Inheritance linked to sex

We are searching data for your request:

Forums and discussions:
Manuals and reference books:
Data from registers:
Wait the end of the search in all databases.
Upon completion, a link will appear to access the found materials.

Usually, cases of sex-related inheritance are classified according to the position occupied by genes in the sex chromosomes. To do so, let's divide them into regions:

THE homologous portion of the X chromosome has genes that correspond to the genes of the homologous portion of the Y chromosome. Therefore, there are allele genes between X and Y in these regions. The genes of the heterologous portion of the X chromosome do not match the genes of the heterologous portion of the Y chromosome. Therefore, there are no allele genes in these regions when an X chromosome pairs with a Y chromosome.

Inheritance linked to sex is that determined by genes located in the heterologous region of the X chromosome. Because women have two X chromosomes, they have two of these regions. Since men, as they have only one X chromosome (since they are XY), have only one of each gene. A recessive gene present on a man's X-chromosome will manifest itself as there is no dominant allele that prevents its expression.

In the human species. The main examples of inheritance linked to sex are as follows.

Color blindness

It is the relative inability to distinguish certain colors, which in their classic form often creates confusion between green and red.

It is a disorder caused by a recessive gene located in the heterologous portion of the X chromosome, the gene.
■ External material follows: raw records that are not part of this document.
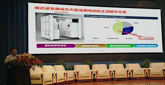 在随后的“西部光伏电站建设发展论坛”主题演讲环节,阳光电源系统解决方案总监张显立发表了“西部光伏电站发展方向及解决方案“的演讲,分别与参会嘉宾分享了”西部电站发展前景“、”西部电站面临的挑战“及”西部电站解决方案“。张显立表示,箱式逆变房是西部大型地面电站的主流解决方案;在组串式逆变器的应用方案中,40kW及更大功率的组串式逆变器将成为主流。
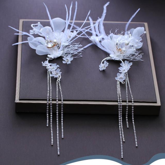 純白の白い花とイミテーションパールとクリスタルのジルコニアの長いチャームが揺れる
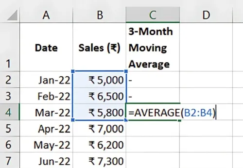 Moving averages help smooth out short-term fluctuations, revealing long-term trends. To calculate a 3-month moving average in Excel, use:
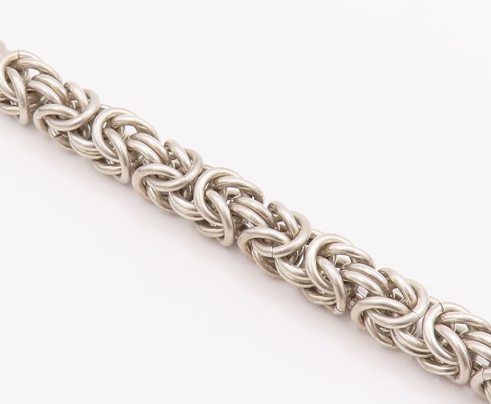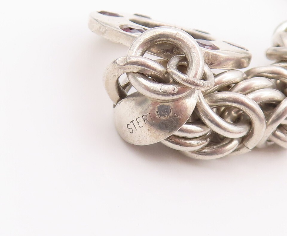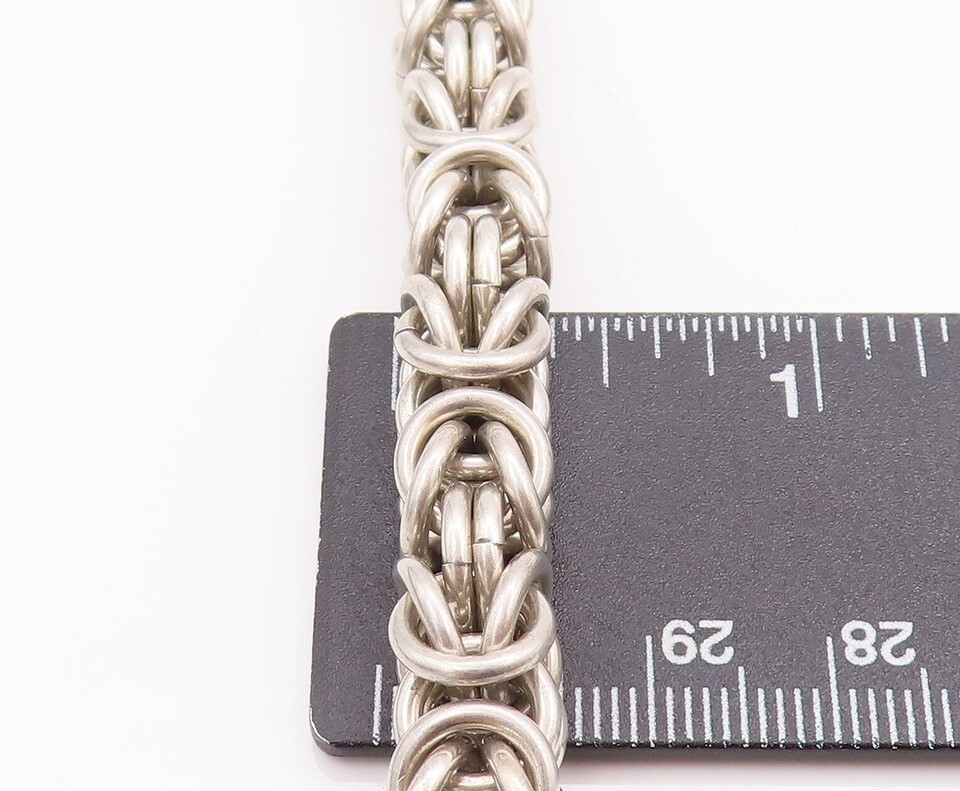 925 Sterling Silver Vintage Bracelet Byzantine Chain Garnet Toggle Lock BT10508

Xdwhile its dominant allele XD determines normal vision.

The genotype woman XDXdAlthough it has a gene for color blindness, it does not manifest the disease because it is a recessive gene. She is called carrier from gene to color blindness. The genotype man XdYdespite having the gene Xd in a single dose, it manifests the disease by the absence of the dominant allele capable of preventing recessive gene expression.

Genotype Phenotype
XDXD normal woman
XDXd normal woman carrier
XdXd colorblind woman
XD Y normal man
Xd Y colorblind man

The man XdY it's neither homozygous or heterozygous: it's recessive hemizigotobecause of the pair of genes it has only one. The genotype man XDY é dominant hemizigoto.

If you can perfectly distinguish the number 74 between the balls in the picture above, then you are not colorblind.